-- Problem requirements --
The lines from the start of the records below through the line containing "Česko se rádo" are to be copied exactly, both ends included, with nothing added.

(Extracted data entries)
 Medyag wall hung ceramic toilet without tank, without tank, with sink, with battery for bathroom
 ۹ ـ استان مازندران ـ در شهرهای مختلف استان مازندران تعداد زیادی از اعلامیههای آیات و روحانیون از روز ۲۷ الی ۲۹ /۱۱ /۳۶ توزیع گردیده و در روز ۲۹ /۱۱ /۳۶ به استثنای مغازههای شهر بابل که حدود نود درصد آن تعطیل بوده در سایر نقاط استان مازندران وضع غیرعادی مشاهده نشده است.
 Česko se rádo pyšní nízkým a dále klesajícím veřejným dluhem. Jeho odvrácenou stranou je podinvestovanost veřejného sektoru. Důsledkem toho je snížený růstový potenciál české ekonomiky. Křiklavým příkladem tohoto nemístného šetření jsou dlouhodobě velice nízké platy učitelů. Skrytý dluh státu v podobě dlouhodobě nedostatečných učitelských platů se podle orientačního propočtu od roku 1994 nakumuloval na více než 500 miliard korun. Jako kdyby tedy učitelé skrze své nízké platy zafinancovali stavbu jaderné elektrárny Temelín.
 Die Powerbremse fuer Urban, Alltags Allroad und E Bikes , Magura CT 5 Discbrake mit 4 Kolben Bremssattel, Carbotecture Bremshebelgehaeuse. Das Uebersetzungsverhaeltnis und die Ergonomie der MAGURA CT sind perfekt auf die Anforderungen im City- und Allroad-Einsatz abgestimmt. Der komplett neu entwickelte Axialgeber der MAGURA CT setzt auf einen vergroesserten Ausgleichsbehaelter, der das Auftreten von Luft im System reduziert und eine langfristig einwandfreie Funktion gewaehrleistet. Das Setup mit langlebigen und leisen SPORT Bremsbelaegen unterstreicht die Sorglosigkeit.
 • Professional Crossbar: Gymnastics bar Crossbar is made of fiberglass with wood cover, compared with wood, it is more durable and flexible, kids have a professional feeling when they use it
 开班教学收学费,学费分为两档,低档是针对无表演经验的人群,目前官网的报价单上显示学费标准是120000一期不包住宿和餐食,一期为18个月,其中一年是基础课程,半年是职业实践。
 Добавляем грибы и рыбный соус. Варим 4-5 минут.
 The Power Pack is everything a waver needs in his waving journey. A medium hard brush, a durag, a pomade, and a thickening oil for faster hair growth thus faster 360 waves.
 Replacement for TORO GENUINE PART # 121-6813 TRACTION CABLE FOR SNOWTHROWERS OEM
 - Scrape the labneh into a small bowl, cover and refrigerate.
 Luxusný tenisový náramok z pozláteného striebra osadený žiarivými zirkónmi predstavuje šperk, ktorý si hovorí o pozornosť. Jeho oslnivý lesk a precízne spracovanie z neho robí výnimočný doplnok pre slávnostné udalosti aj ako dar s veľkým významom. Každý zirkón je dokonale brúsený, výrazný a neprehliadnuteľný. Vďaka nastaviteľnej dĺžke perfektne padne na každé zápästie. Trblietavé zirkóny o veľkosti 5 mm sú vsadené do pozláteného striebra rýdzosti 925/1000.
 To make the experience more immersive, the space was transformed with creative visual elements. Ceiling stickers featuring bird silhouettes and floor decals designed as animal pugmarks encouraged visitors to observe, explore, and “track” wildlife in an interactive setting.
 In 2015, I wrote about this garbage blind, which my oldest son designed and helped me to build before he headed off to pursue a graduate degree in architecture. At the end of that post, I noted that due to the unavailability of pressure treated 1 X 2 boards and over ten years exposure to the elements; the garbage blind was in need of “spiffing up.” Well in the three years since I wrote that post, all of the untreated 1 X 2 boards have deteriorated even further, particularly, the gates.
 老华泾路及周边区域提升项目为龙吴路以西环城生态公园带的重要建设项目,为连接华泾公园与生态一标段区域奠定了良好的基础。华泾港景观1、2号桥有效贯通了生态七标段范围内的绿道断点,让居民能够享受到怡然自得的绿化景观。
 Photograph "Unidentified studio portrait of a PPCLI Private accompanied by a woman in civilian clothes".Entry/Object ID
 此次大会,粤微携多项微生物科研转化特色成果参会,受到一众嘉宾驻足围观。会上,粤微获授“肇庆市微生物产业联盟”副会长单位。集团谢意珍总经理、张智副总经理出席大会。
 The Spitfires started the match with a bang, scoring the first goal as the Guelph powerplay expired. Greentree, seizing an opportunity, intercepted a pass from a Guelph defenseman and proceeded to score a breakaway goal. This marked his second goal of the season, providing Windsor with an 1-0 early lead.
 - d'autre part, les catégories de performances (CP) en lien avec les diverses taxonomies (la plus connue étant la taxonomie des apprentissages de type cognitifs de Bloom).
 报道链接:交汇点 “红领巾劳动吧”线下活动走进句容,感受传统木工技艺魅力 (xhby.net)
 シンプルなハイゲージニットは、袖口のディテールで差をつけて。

-- Response to this exercise --
 Medyag wall hung ceramic toilet without tank, without tank, with sink, with battery for bathroom
 ۹ ـ استان مازندران ـ در شهرهای مختلف استان مازندران تعداد زیادی از اعلامیههای آیات و روحانیون از روز ۲۷ الی ۲۹ /۱۱ /۳۶ توزیع گردیده و در روز ۲۹ /۱۱ /۳۶ به استثنای مغازههای شهر بابل که حدود نود درصد آن تعطیل بوده در سایر نقاط استان مازندران وضع غیرعادی مشاهده نشده است.
 Česko se rádo pyšní nízkým a dále klesajícím veřejným dluhem. Jeho odvrácenou stranou je podinvestovanost veřejného sektoru. Důsledkem toho je snížený růstový potenciál české ekonomiky. Křiklavým příkladem tohoto nemístného šetření jsou dlouhodobě velice nízké platy učitelů. Skrytý dluh státu v podobě dlouhodobě nedostatečných učitelských platů se podle orientačního propočtu od roku 1994 nakumuloval na více než 500 miliard korun. Jako kdyby tedy učitelé skrze své nízké platy zafinancovali stavbu jaderné elektrárny Temelín.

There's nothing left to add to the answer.